Unfortunately, SMP has several threads, one for each CPU core, but is highly synchronized so that if a thread is suspended then the others just sit in a loop waiting for the suspended thread to come back. The net result can be a dramatic slowdown in folding for what looks to be an insignificant external CPU usage.
So please check the task manager process tab for any processes that are not FahCore_??.exe that are using a significant amount of CPU time. What I mean by very significant would be a single hyper-threaded CPU core's worth. Occasionally, even FAHControl will suddenly start using a full core and that will totally kill off SMP productivity just like any other process that uses a full CPU core.

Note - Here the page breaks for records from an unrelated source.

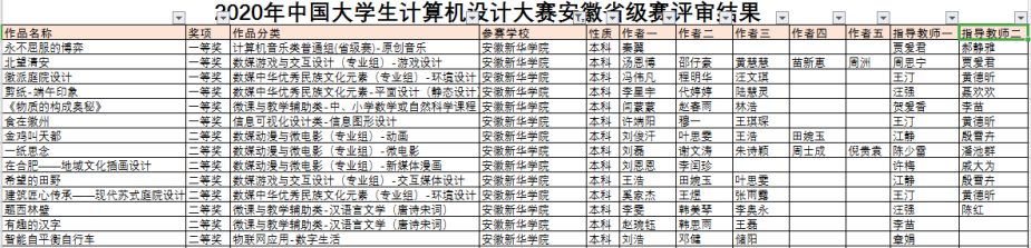pp电子参加了数媒动漫与微电影(专业组)、数媒游戏与交互设计(专业组)、数媒中华优秀民族文化元素(专业组)、信息可视化设计等14个大类的比赛,在本次大赛安徽省级赛中获奖52项,其中一等奖6项,二等奖8项,三等奖7项。
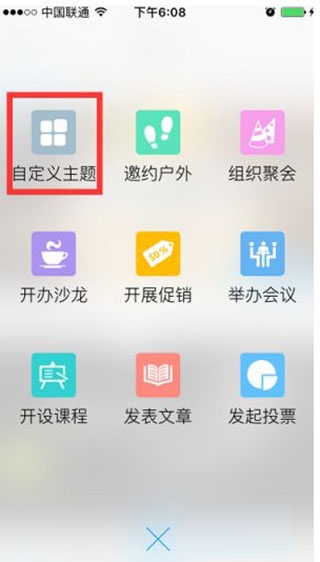 2、点击“发布活动”,选择互动吧提供的活动主题类型;如果没有合适的,也可以选择自定义主题。
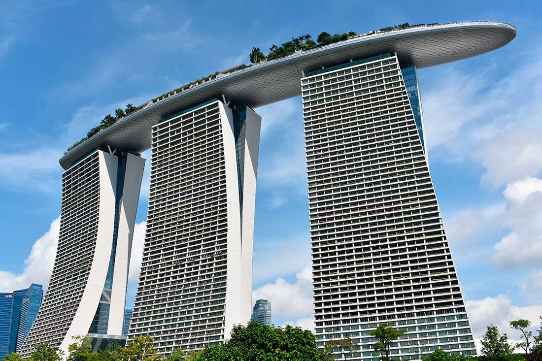 Из окон 2500 номеров отеля «Marina Bay Sands» открывается вид на Южно-Китайское море или залив Марина-Бэй. Сам отель представляет собой довольно интересное с архитектурной точки зрения сооружение.
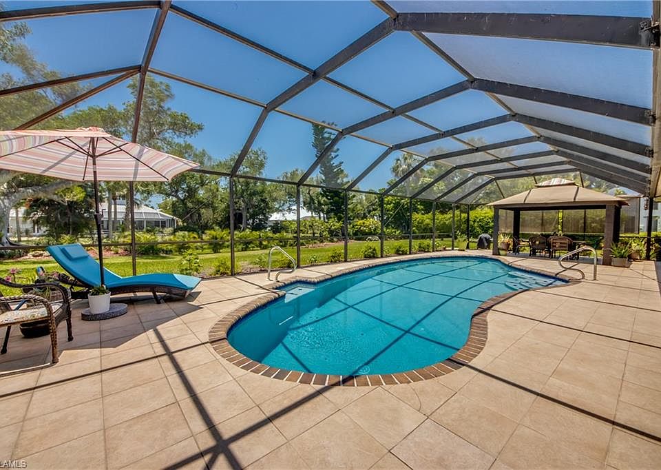 Welcome to your dream home in the heart of South Fort Myers! This beautifully renovated 3 bedroom, 3 bath residence is a perfect blend of modern luxury and classic charm. From the moment you step inside, you'll be captivated by the exquisite details and high-end finishes throughout. Enjoy the warmth and character of wood plank cathedral ceilings and wood burning fireplace. Luxury vinyl flooring by Wright Flooring adorn the main living areas with new baseboards creating an inviting and cohesive space perfect for both relaxing and entertaining. The heart of this home is the completely remodeled kitchen, featuring stunning quartz countertops and stylish backsplash and a smart TV. Newer appliances, including a double wall oven, make cooking a pleasure. Custom floating shelves add a touch of elegance and practicality to the coffee bar area, dry bar area and laundry room. Two additional bedrooms provide plenty of space for family or guests. One en suite bedroom offers a pool bath for guests. Step outside to your backyard oasis with a private pool, perfect for cooling off on warm Florida days. Newly screened lanai includes a pagoda with a ceiling fan and lights which is perfect to entertain friends and family under. The landscaped yard provides a serene backdrop for outdoor living. New hurricane manual shutters. Roof and A/C is from 2018. New Electrical panel/breakers.Located in the desirable McGregor Woods, you are just minutes away from shopping, dining, and beautiful Gulf Coast beaches of Sanibel and Fort Myers Beach. Don't miss the opportunity to make this exceptional property your new home. Schedule a showing today and experience the perfect blend of luxury and comfort in this South Fort Myers gem!

If there is such a process then see what you can do to stop it like restarting FAHControl if that is the problem. If you can't stop or control the process then the next best thing is to allocate less cores to folding for It is much better to under-subscribe the number of cores than to oversubscribe especially with hyper-threaded cores. This can be done from Advanced Control configure then go to the slot tab and double-click on the CPU slot. From there you can explicitly specify the number of CPU cores/threads (-1 means automatically configure).
Re: Project: 7611 (4, 19, 332) very slow
Posted: Sat Sep 07, 2013 6:58 pm
by DrSpalding
I am aware of everything that runs on the machine and well-versed in detecting process time hogs, but thanks for your input nonetheless. I'm sure it will aid someone.
There are no time hogs running besides FAHCore_A4 and it is running at its usual 99% CPU level.
Re: Project: 7611 (4, 19, 332) very slow
Posted: Sat Sep 07, 2013 7:24 pm
by DrSpalding
I have just terminated and removed the slow 7611 WU's work/slot directory. I archived the whole directory though, if someone needs to see the raw data of it at 28% completion. The machine picked up a P6347 WU and is happily crunching it with a TPF of 79s.
Re: Project: 7611 (4, 19, 332) very slow
Posted: Sat Sep 07, 2013 10:58 pm
by bruce
The 2,000,000 steps is, in fact, correct. This Project has had a variety of reports of being slow, but at one point, the points were adjusted to take that into account:
viewtopic.php?p=221046.
I'm not aware of a dependable method of knowing what should be expected except by those who are currently processing a P7611 assignment.
Re: Project: 7611 (4, 19, 332) very slow
Posted: Sun Sep 08, 2013 1:20 am
by Joe_H
There is a fairly long topic on the subject of Project 7611 WU's with long TPF's farther down in this sub-forum - viewtopic.php?f=19&t=22591. I misremembered who posted from the PG, it was tjlane instead of Dr. Kasson. It has been a few months since the last report, so possibly they have identified most of the problem WU's. The affected WU's were less than a tenth of a percent of the total being processed.